- [Exercise details] Return all the lines below exactly as written. Drop every picture.

- [Dataset section]
━━━━━━━━━━━━━━━━

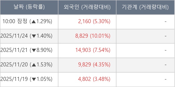 [표] 외국인ㆍ기관 순매매량 (단위 주)
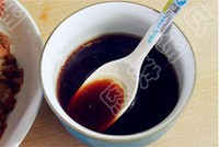 调入适量的蚝油、生抽、老抽、鸡精、料酒、白糖和清水,煮沸关火备用
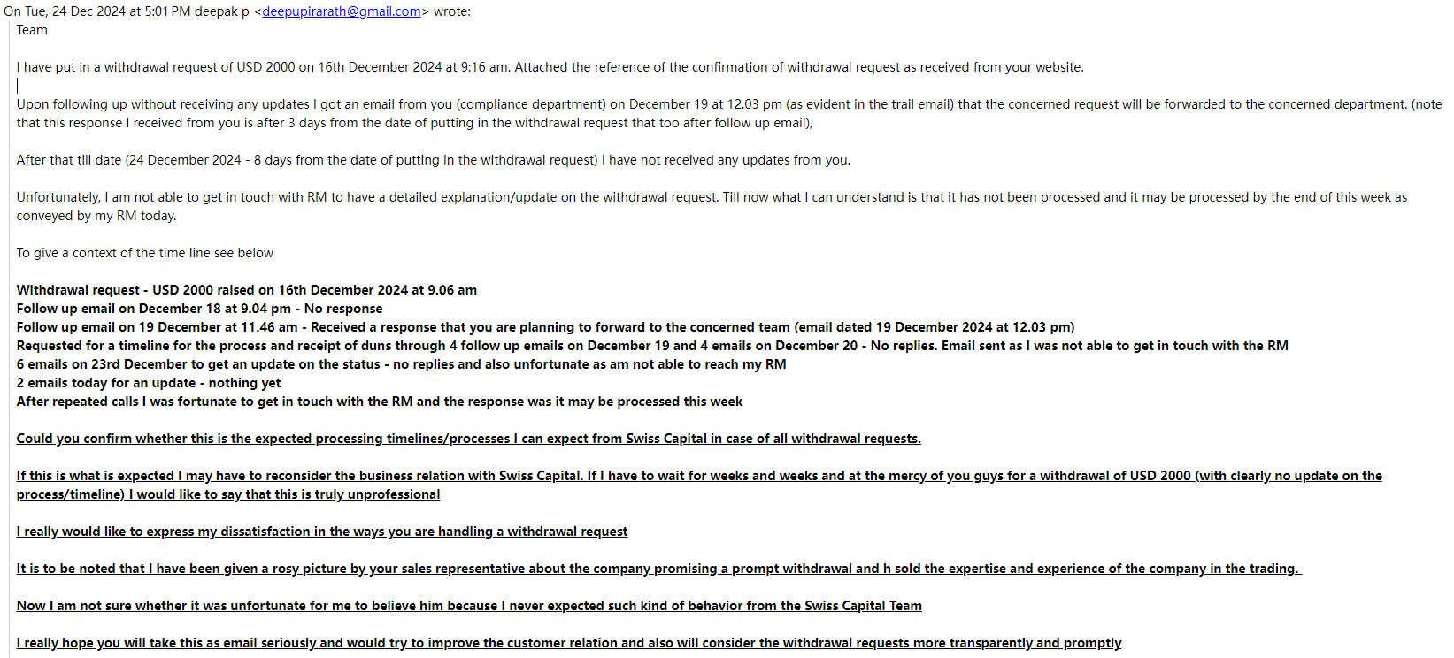 I have requested a withdrawal for USD 2000 one month back. The company has not processed it despite repeated followups and the relationship manager also never responded properly. After 15 days the RM called me and told it will be processed before 5th January 2025. On that night they have increased the spread on all the commodities and currency pairs multiple folds . For eg spread on gold and silver was increased 7000 times which has almost cause liquidation my account. The RM is generally non responsive and he given so me false promises of normalizing everything by certain dates which is never adhered to. The spreads are still in that u reasonable level. All the email followups have been sent to you by email
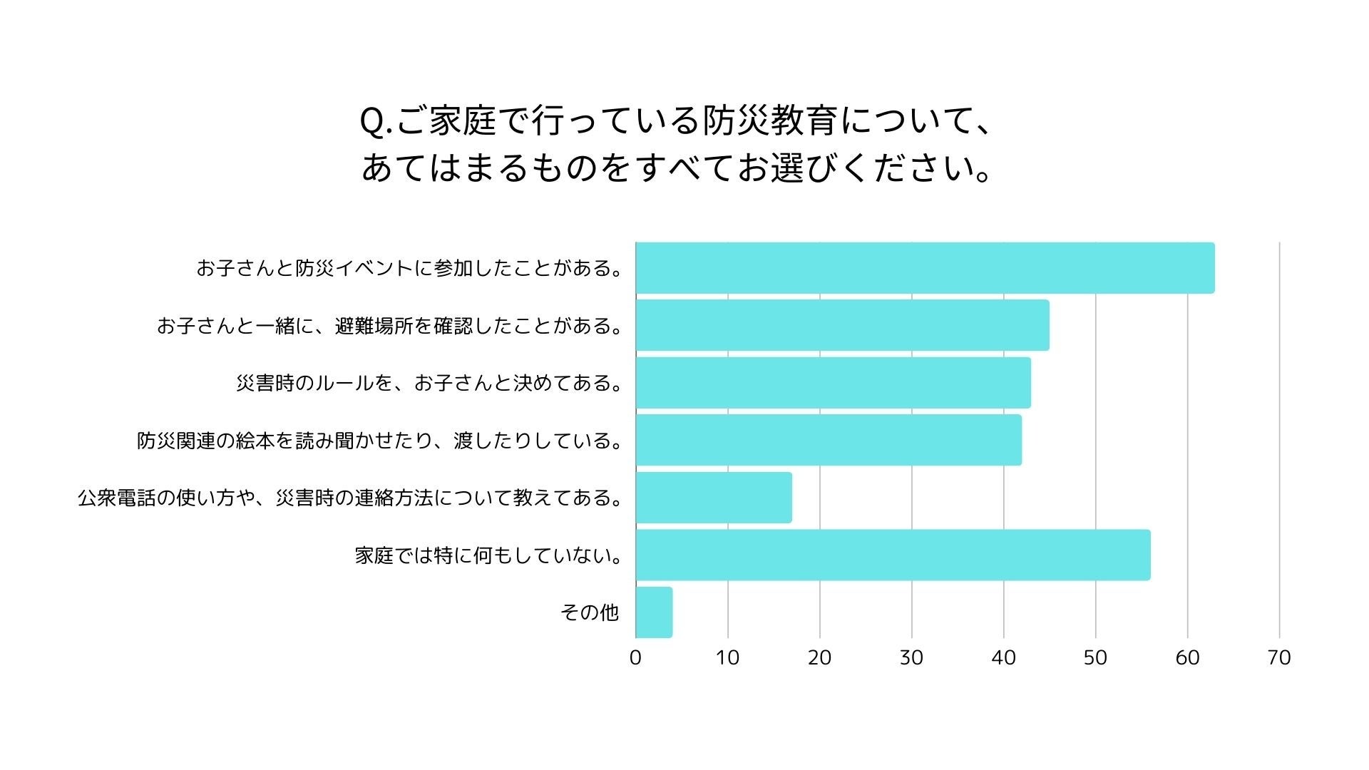 その結果、ほぼすべての保護者(145名中143名)が、家庭で防災教育をする必要性を感じており、全体の6割の保護者は、実際に防災関連の絵本の読み聞かせや、防災イベントへの参加など、家庭で防災教育を行っていました。

━━━━━━━━━━━━━━━━

- [Response for this exercise]
 [표] 외국인ㆍ기관 순매매량 (단위 주)
 调入适量的蚝油、生抽、老抽、鸡精、料酒、白糖和清水,煮沸关火备用
 I have requested a withdrawal for USD 2000 one month back. The company has not processed it despite repeated followups and the relationship manager also never responded properly. After 15 days the RM called me and told it will be processed before 5th January 2025. On that night they have increased the spread on all the commodities and currency pairs multiple folds . For eg spread on gold and silver was increased 7000 times which has almost cause liquidation my account. The RM is generally non responsive and he given so me false promises of normalizing everything by certain dates which is never adhered to. The spreads are still in that u reasonable level. All the email followups have been sent to you by email
 その結果、ほぼすべての保護者(145名中143名)が、家庭で防災教育をする必要性を感じており、全体の6割の保護者は、実際に防災関連の絵本の読み聞かせや、防災イベントへの参加など、家庭で防災教育を行っていました。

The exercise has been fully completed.